Activity: With the pictures set aside, write out all of the data exactly as it stands.

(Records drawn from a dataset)
□ □ □ □ □ □ □

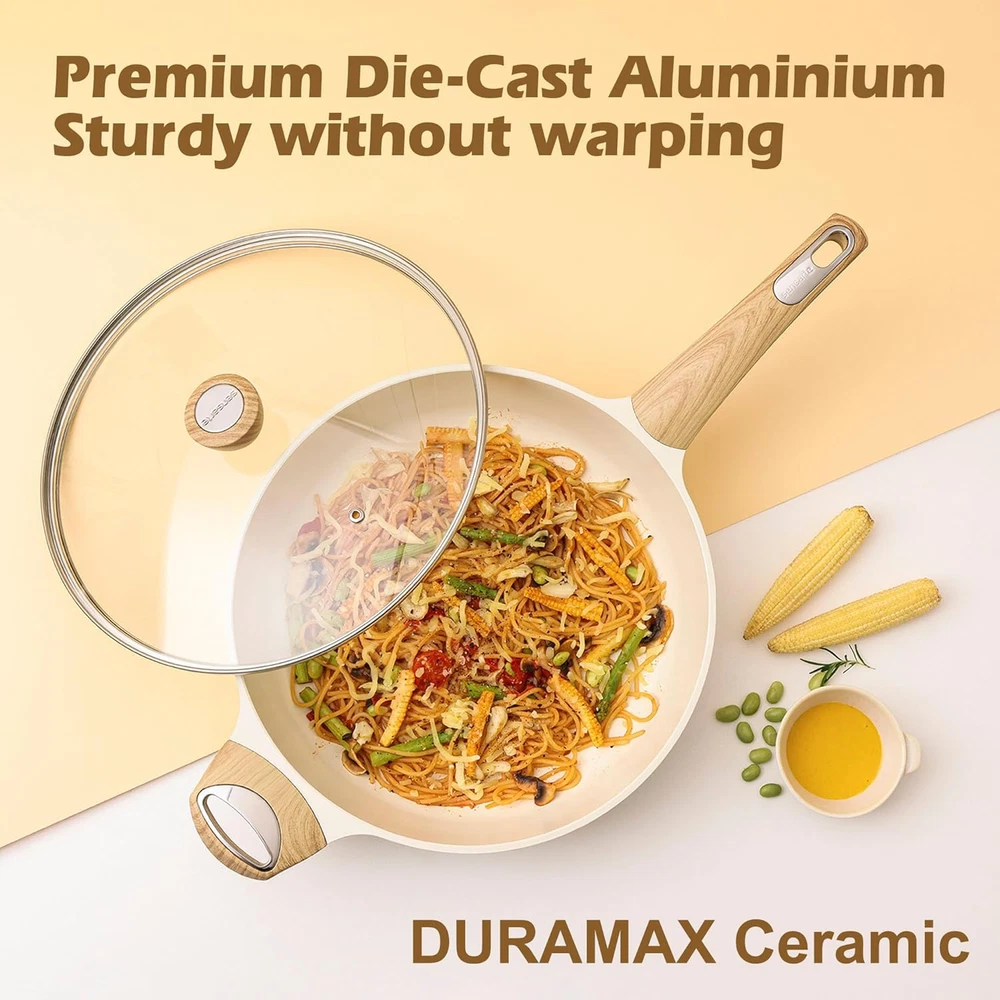 Healthy Ceramic Cookware Sets - SGS approved. Non-toxic, free of PTFE, PFAS, PFOA, PFOS, APEO, lead, cadmium and other toxic substances that can leach into food. Naturall Nonstick - Ceramic non-stick is healthier and scratch-resistant with excellent food release. Only less oil is needed for cooking, for a healthy, low-fat diet. 14 Piece Pots and Pans Set Includes - 8 & 9.5 inch frying pan set, 12inch/5Qt saute pan with lid, 6.5Qt casserole with lid, 2Qt saucepan with lid, 2pcs multi-purpose utensils, 4pcs pot protectors. Induction Compatible - 4.8mm thick stainless steel pan bottom makes this cookware set suitable for all stovetops. Die-cast aluminum construction allows the pan to heat up quickly and evenly, keeping the heat consistent. No warping and durable. Easy to Clean - Simply wipe with a paper towel or rinse with water, hand washing is recommended as it cleans effortlessly. Stay-Cool Handle & Glass Lid - The anti-scald wood-grain Bakelite handle is ergonomically designed for comfort and ease of handling. The explosion-proof glass lid prevents splashing and ensures maximum visibility. Product Description Why Choose Sensarte Ceramic Cookware Sets? SAFE & HEALTHY - Natural ceramic surface , 100% free of PTFE, PFAS, PFOA, PFOS, APEO, lead, cadmium, and other heavy metals. Healthier than Teflon coated pans. PREMIUM CORROSION RESISTANCE - Harder surface and stronger adhesion provide a stronger barrier for better protection of pans. HIGH HEAT RESISTANCE - Performs well in thermal shock tests. Does not produce toxic fumes even when overheated. LONG LASTING DURABILITY - Scratch-resistant, abrasion-resistant, maintains good non-stick performance even after years of use. EASY TO CLEAN - Rivet-free design and premium non-stick technology make cleaning a breeze. DIE-CAST CONSTRUCTION- Heavy duty, strong and durable, no warping. Stands up to daily use. SPACE SAVING - Stacks and hangs to save space. 1 Perfect Food Release 2 Easy to Clean 3 Space Saving 1 12in/5Qt Saute Pan w/ Lid 2 6.5 Qt Casserole w/ Lid 3 8 & 9.5 Inch Fring Pan 4 2 Qt Sauce Pan w/ Lid 5 Utensil & Pan Protectors 1 What's Included 2 12" saute pan & Stock Pan 3 8" & 9.5" Frying Pan 4 2Qt Saucepan & Utensil 1 Anti-scald Handles 2 Suitable For All Stoves 3 Explosion-Proof Glass Lid 4 Thoughtful Helper
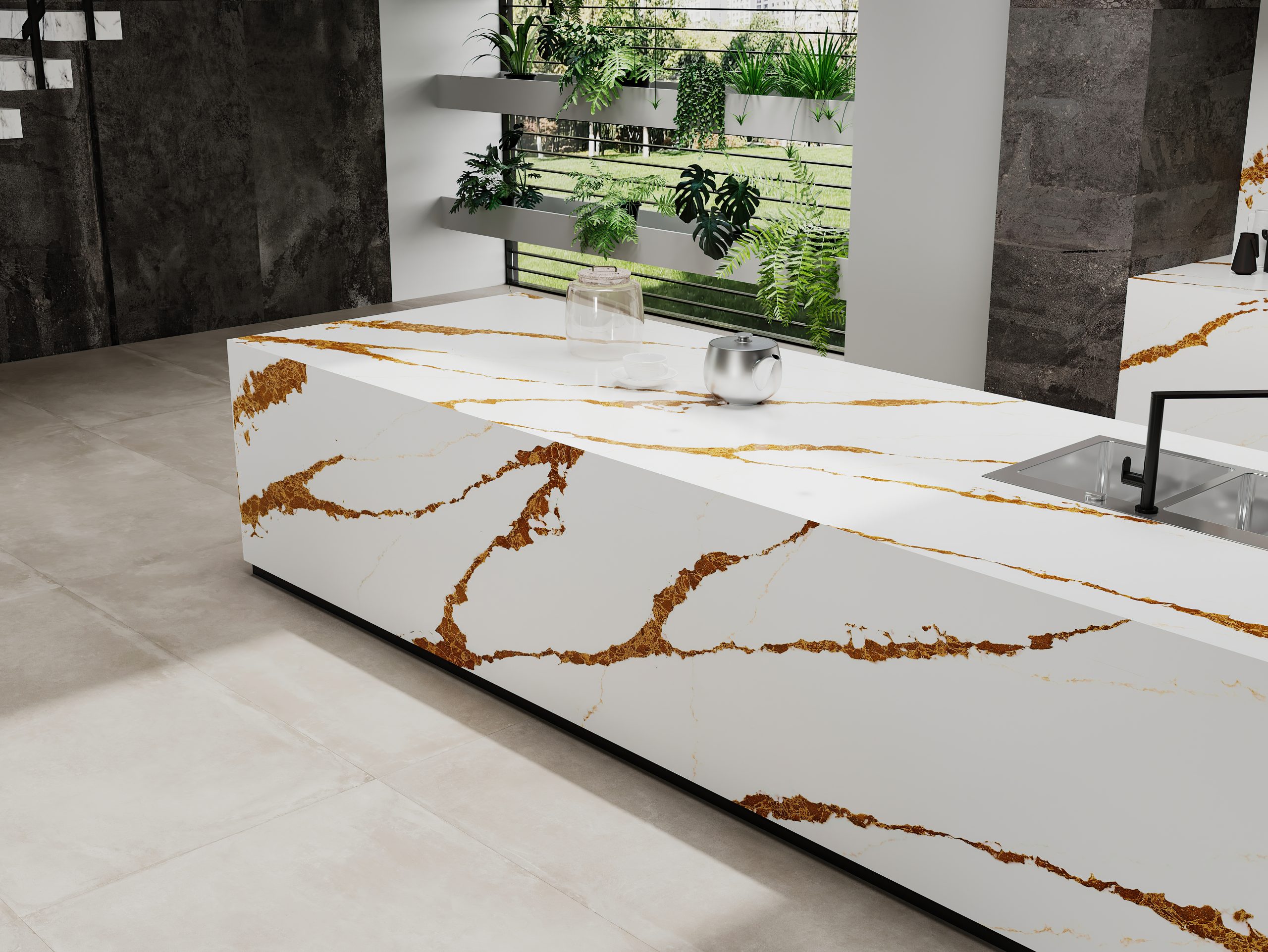 Crafted to balance style with performance, Glitter Lava Quartz is built for everyday use. Its non-porous, durable surface is resistant to stains, scratches and moisture, offering a practical, low-maintenance solution that maintains its striking appearance even in high-traffic spaces.
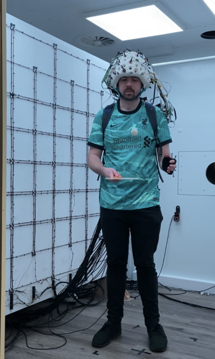 Foto: El investigador Niall Holmes con un casco de imágenes cerebrales de pie
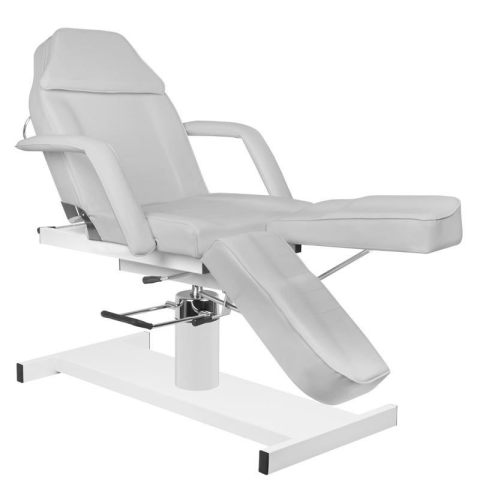 Pedikűrős szék, szürke műbőr kárpittal, hidraulikusan állítható magasítással, manuálisan állítható ülés dőlés szöggel, mechanikusan állítható háttámlával, és osztott lábtartóval. A kivehető fejpárna alatt arckivágás található, mely a masszázsnál nyújt seg
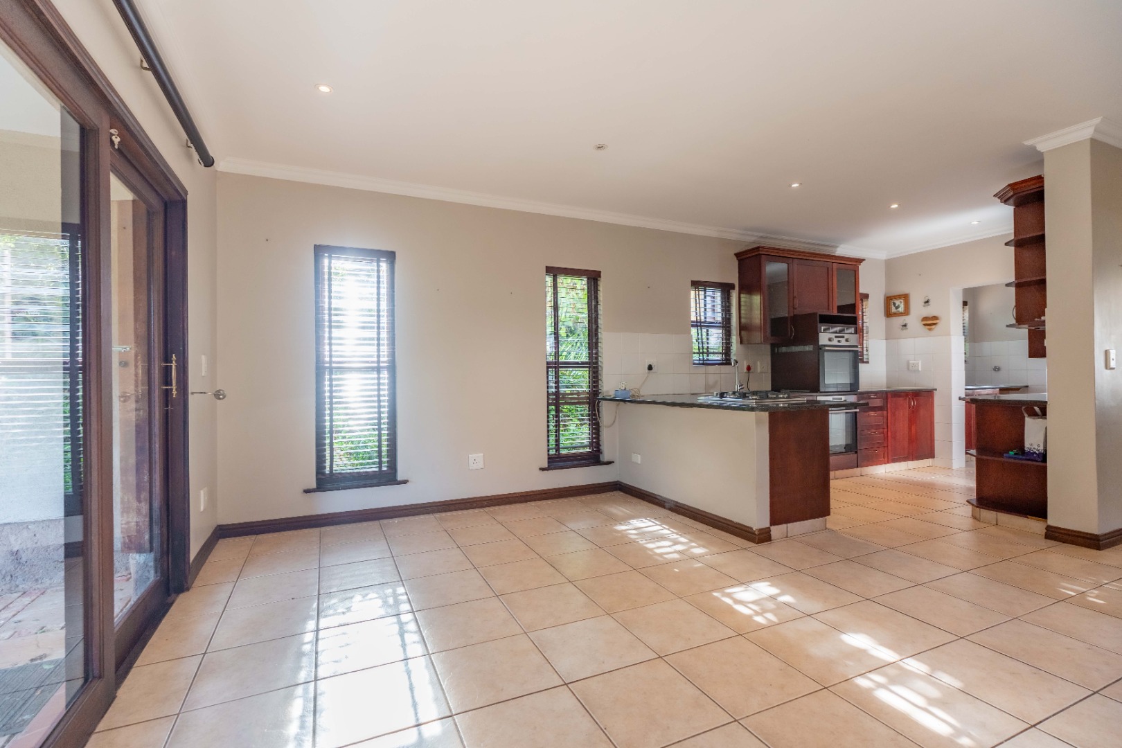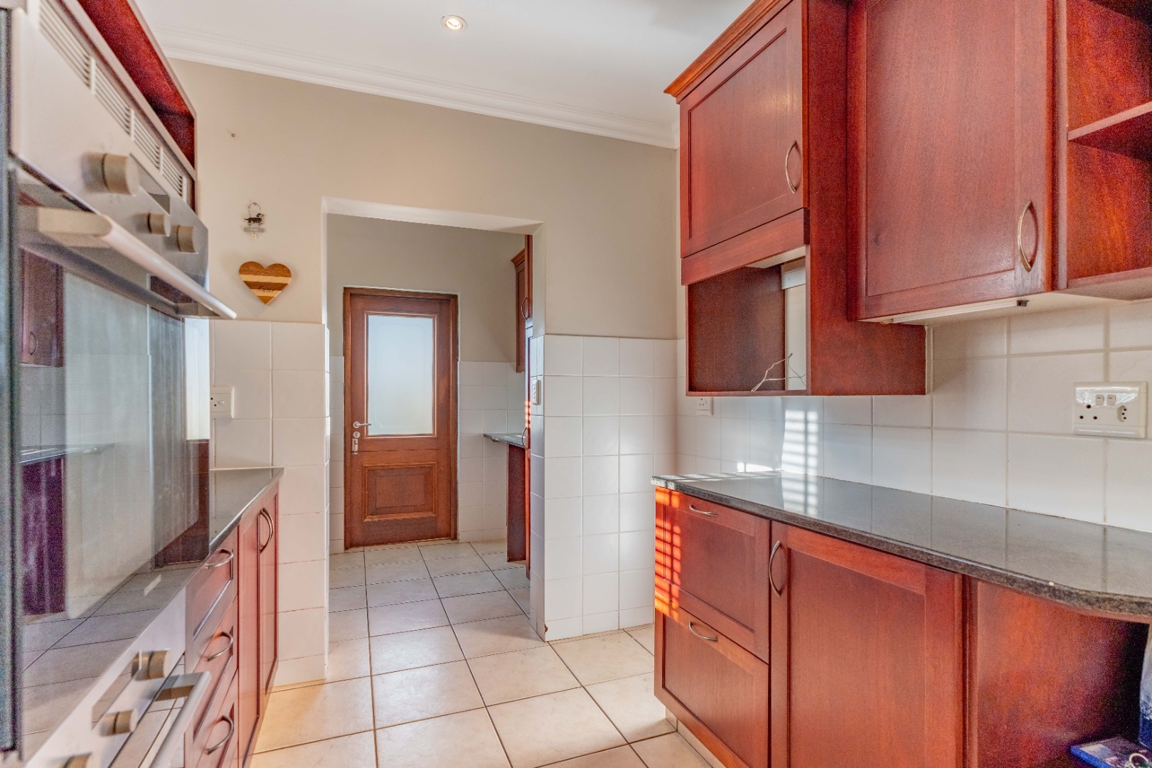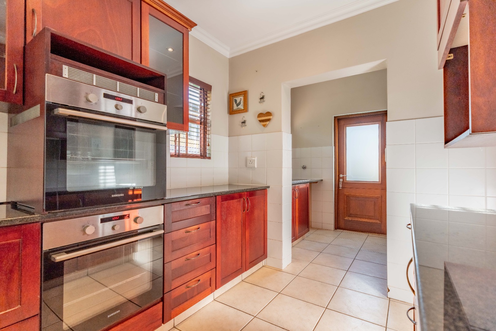 The gourmet kitchen will impress with its gas hob, double eye-level oven, sleek countertops, and a separate scullery for added convenience.
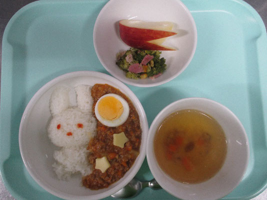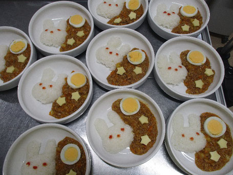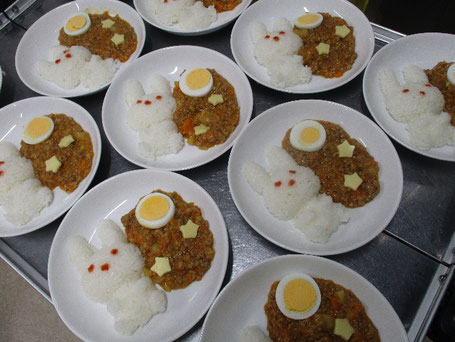 3歳未満児クラスはうさぎさんの可愛い顔のごはんです。
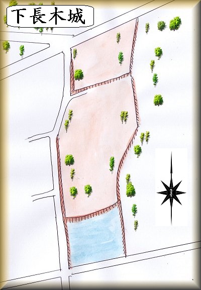 下長木城は、ホームセンタームサシのすぐ東側の比高3mほどの低位段丘上にあった。70m×35mほどの郭がメインでで、宅地や畑地となってかなり改変されている。
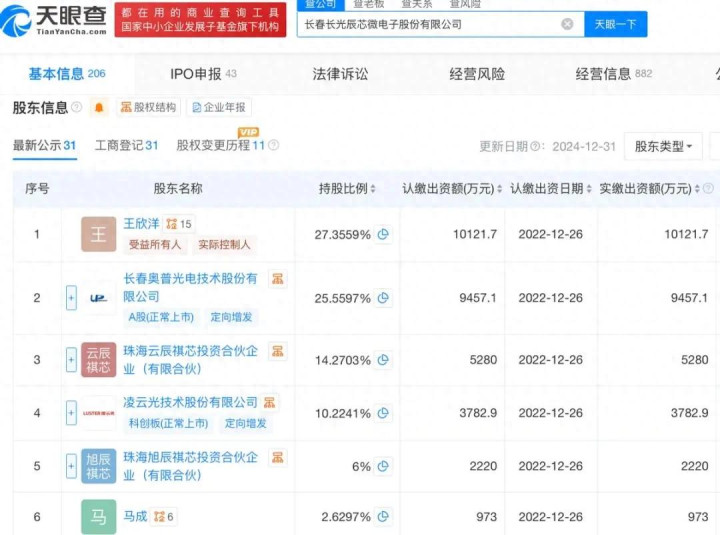 天眼查App信息显示,长光辰芯成立于2012年9月,前身为长春长光辰芯光电技术有限公司。目前,该公司的注册资本为3.7亿元,法定代表人为王欣洋,主要股东包括王欣洋、奥普光电等。
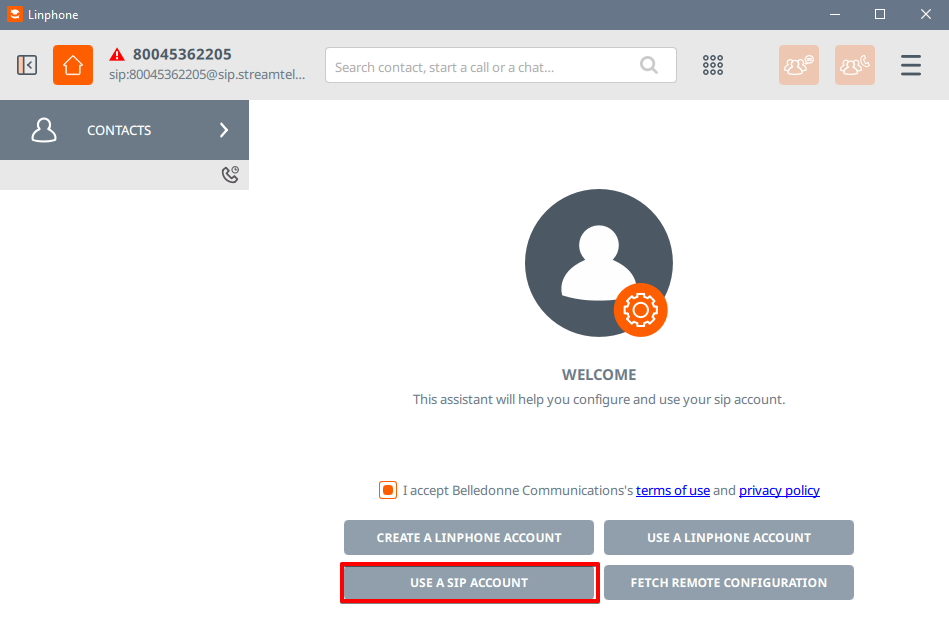After a successful installation, launch PhonerLite. Click “USE A SIP ACCOUNT.”
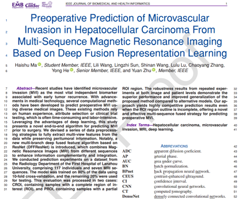 近日,3044永利集团登录朱媛副教授研究团队联合兰州大学第一医院放射科王莉莉博士展开生物医学信息学合作研究,在生物医学和健康信息学国际顶级期刊 IEEE Journal of Biomedical and Health Informatics(简称IEEE JBHI)上在线发表了关于肝癌微血管侵袭预测的理论研究成果,题为: “Preoperative Prediction of Microvascular Invasion in Hepatocellular Carcinoma From Multi-Sequence Magnetic Resonance Imaging Based on Deep Fusion Representation Learning”。中国地质大学(武汉)2021级本科生马海书、朱媛副教授及兰州大学第一医院放射科王莉莉博士为该文的共同第一作者,朱媛副教授为通讯作者,3044永利集团登录为唯一通讯单位。

□ □ □ □ □ □ □

Answer area:
 Healthy Ceramic Cookware Sets - SGS approved. Non-toxic, free of PTFE, PFAS, PFOA, PFOS, APEO, lead, cadmium and other toxic substances that can leach into food. Naturall Nonstick - Ceramic non-stick is healthier and scratch-resistant with excellent food release. Only less oil is needed for cooking, for a healthy, low-fat diet. 14 Piece Pots and Pans Set Includes - 8 & 9.5 inch frying pan set, 12inch/5Qt saute pan with lid, 6.5Qt casserole with lid, 2Qt saucepan with lid, 2pcs multi-purpose utensils, 4pcs pot protectors. Induction Compatible - 4.8mm thick stainless steel pan bottom makes this cookware set suitable for all stovetops. Die-cast aluminum construction allows the pan to heat up quickly and evenly, keeping the heat consistent. No warping and durable. Easy to Clean - Simply wipe with a paper towel or rinse with water, hand washing is recommended as it cleans effortlessly. Stay-Cool Handle & Glass Lid - The anti-scald wood-grain Bakelite handle is ergonomically designed for comfort and ease of handling. The explosion-proof glass lid prevents splashing and ensures maximum visibility. Product Description Why Choose Sensarte Ceramic Cookware Sets? SAFE & HEALTHY - Natural ceramic surface , 100% free of PTFE, PFAS, PFOA, PFOS, APEO, lead, cadmium, and other heavy metals. Healthier than Teflon coated pans. PREMIUM CORROSION RESISTANCE - Harder surface and stronger adhesion provide a stronger barrier for better protection of pans. HIGH HEAT RESISTANCE - Performs well in thermal shock tests. Does not produce toxic fumes even when overheated. LONG LASTING DURABILITY - Scratch-resistant, abrasion-resistant, maintains good non-stick performance even after years of use. EASY TO CLEAN - Rivet-free design and premium non-stick technology make cleaning a breeze. DIE-CAST CONSTRUCTION- Heavy duty, strong and durable, no warping. Stands up to daily use. SPACE SAVING - Stacks and hangs to save space. 1 Perfect Food Release 2 Easy to Clean 3 Space Saving 1 12in/5Qt Saute Pan w/ Lid 2 6.5 Qt Casserole w/ Lid 3 8 & 9.5 Inch Fring Pan 4 2 Qt Sauce Pan w/ Lid 5 Utensil & Pan Protectors 1 What's Included 2 12" saute pan & Stock Pan 3 8" & 9.5" Frying Pan 4 2Qt Saucepan & Utensil 1 Anti-scald Handles 2 Suitable For All Stoves 3 Explosion-Proof Glass Lid 4 Thoughtful Helper
 Crafted to balance style with performance, Glitter Lava Quartz is built for everyday use. Its non-porous, durable surface is resistant to stains, scratches and moisture, offering a practical, low-maintenance solution that maintains its striking appearance even in high-traffic spaces.
 Foto: El investigador Niall Holmes con un casco de imágenes cerebrales de pie
 Pedikűrős szék, szürke műbőr kárpittal, hidraulikusan állítható magasítással, manuálisan állítható ülés dőlés szöggel, mechanikusan állítható háttámlával, és osztott lábtartóval. A kivehető fejpárna alatt arckivágás található, mely a masszázsnál nyújt seg
 The gourmet kitchen will impress with its gas hob, double eye-level oven, sleek countertops, and a separate scullery for added convenience.
 3歳未満児クラスはうさぎさんの可愛い顔のごはんです。
 下長木城は、ホームセンタームサシのすぐ東側の比高3mほどの低位段丘上にあった。70m×35mほどの郭がメインでで、宅地や畑地となってかなり改変されている。
 天眼查App信息显示,长光辰芯成立于2012年9月,前身为长春长光辰芯光电技术有限公司。目前,该公司的注册资本为3.7亿元,法定代表人为王欣洋,主要股东包括王欣洋、奥普光电等。
After a successful installation, launch PhonerLite. Click “USE A SIP ACCOUNT.”
 近日,3044永利集团登录朱媛副教授研究团队联合兰州大学第一医院放射科王莉莉博士展开生物医学信息学合作研究,在生物医学和健康信息学国际顶级期刊 IEEE Journal of Biomedical and Health Informatics(简称IEEE JBHI)上在线发表了关于肝癌微血管侵袭预测的理论研究成果,题为: “Preoperative Prediction of Microvascular Invasion in Hepatocellular Carcinoma From Multi-Sequence Magnetic Resonance Imaging Based on Deep Fusion Representation Learning”。中国地质大学(武汉)2021级本科生马海书、朱媛副教授及兰州大学第一医院放射科王莉莉博士为该文的共同第一作者,朱媛副教授为通讯作者,3044永利集团登录为唯一通讯单位。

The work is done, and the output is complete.